SNA ( social network analysis ) project : Independent cascade modelling (ICM) Submitted to : Dr. Sakthi Balan Muthiah, Associate Professor, LNMIIT Date : May, 2020
- Creating a scale free model with NetLogo
- Applying ICM (Independent Cascade Model) to find the maximum number steps required to get to the maximum number of nodes.
- Activation probabilities for the pair of nodes which is needed for ICM are assigned randomly
Independent Cascade Model (ICM) is a stochastic information diffusion model where the information flows over the network through Cascade. Nodes can have two states, (i) Active: It means the node already influenced by the information in diffusion. (ii) Inactive: node unaware of the information or not influenced.

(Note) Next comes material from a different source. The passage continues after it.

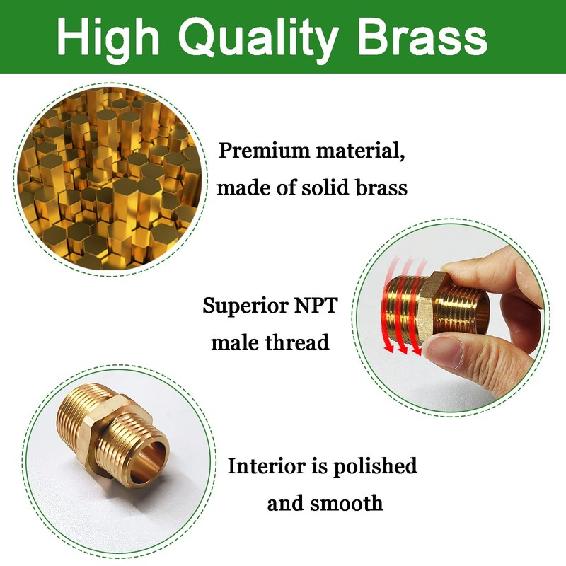 - ⚙️HIGH QUALITY MATERIAL: Premium solid brass nipple, thicker and stronger, durable, threads are deep and accurate, high corrosion resistance, low magnetic permeability and high temperature ductility.

The process runs in discrete steps. At the beginning of ICM process, few nodes are given the information known as seed nodes as in our case we have started with one active node. Upon receiving the information these nodes become active. In each discrete step, an active node tries to influence one of its inactive neighbors. In spite of its success, the same node will never get another chance to activate the same inactive neighbor. The success depends on the propagation probability of their tie. Propagation Probability of a tie is the probability by which one can influence the other node. In reality, Propagation Probability is relation dependent, i.e., each edge will have different value. However, for the experimental purpose, it is often considered to be same for all ties.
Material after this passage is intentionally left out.